India's Go First: the airline's resurrection might be stymied by lessors' demands

Go First, an Indian airline, may face difficulties in its recovery if a court grants the demands of aircraft lessors who seek certain records related to missing or deteriorating jet parts, according to legal documents filed by the carrier.


The airline was granted bankruptcy protection in May, which blocked the recovery of more than 50 grounded Airbus planes, resulting in a legal dispute with foreign lessors seeking to repossess their aircraft. Recently, Dubai Aerospace Enterprise (DAE) Capital and ACG Aircraft Leasing raised concerns about allegedly "robbed" parts and corroding jets and requested the court to force Go First to provide maintenance and aircraft preservation records for their leased planes. 

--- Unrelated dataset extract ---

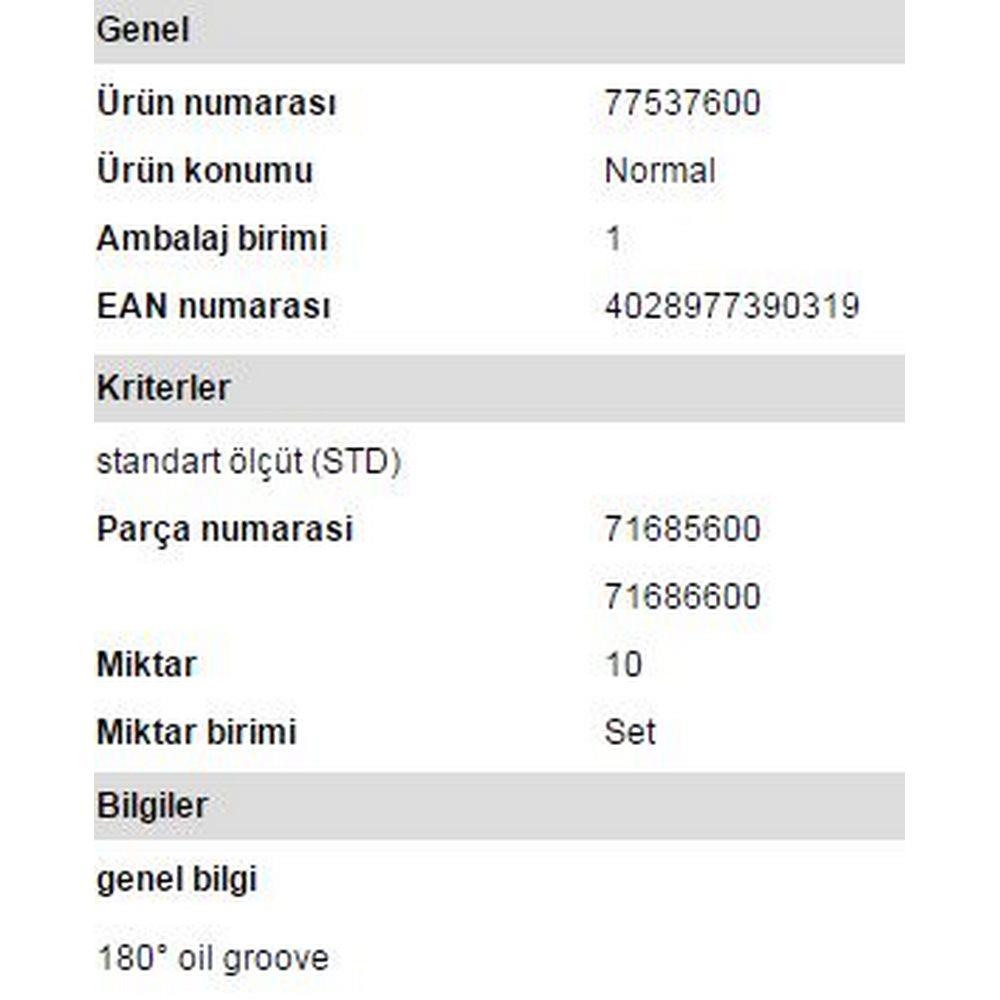 Ürün Kodu: MAHLE 029HS20560000 Marka: MAHLE MOTOR Eşdeğer Liste: KOLBEN 77537600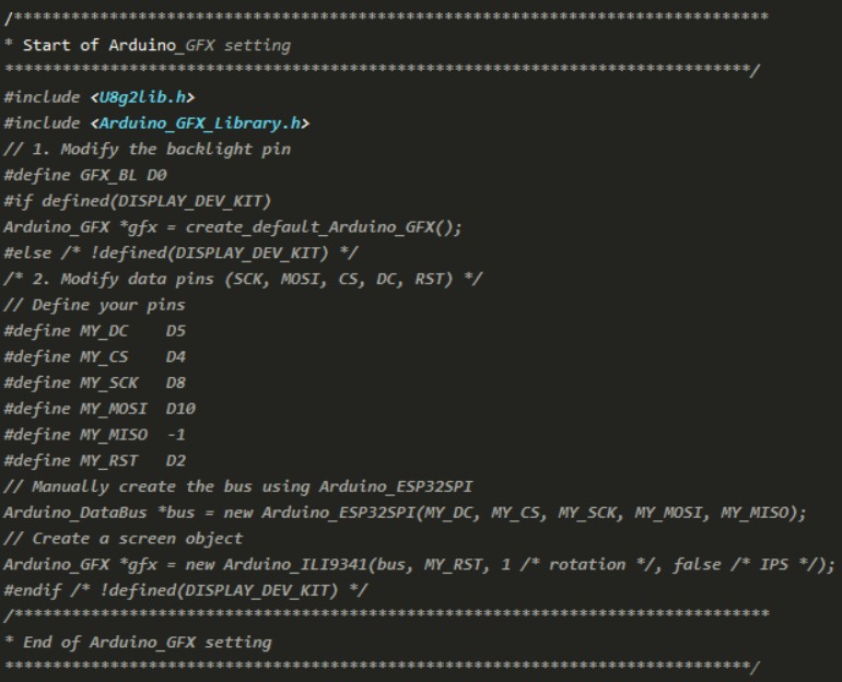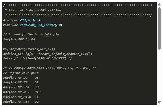 同樣,您需要將從“Arduino_GFX 設(shè)置的起始部分”到“Arduino_GFX 設(shè)置的結(jié)束部分”這一段進(jìn)行修改。

In response, Go First has challenged the lessors' demands, arguing that complying would be a time-consuming process that would impede its recovery efforts. The bankruptcy officer, Shailendra Ajmera, warned that obtaining such records would have far-reaching implications for the airline's daily operations and going concern status, and would significantly divert resources away from resuming operations. The filings, which were submitted on Sept. 8 and Sept. 17, are not public and are set to be heard by the court on Friday. 


Neither Go First nor the two lessors have responded to Reuters' request for comment. In May, SMBC, the world's second-largest aircraft lessor, warned that India's decision to block leasing firms from reclaiming the airline's planes would have negative effects on the market and lead to a confidence crisis.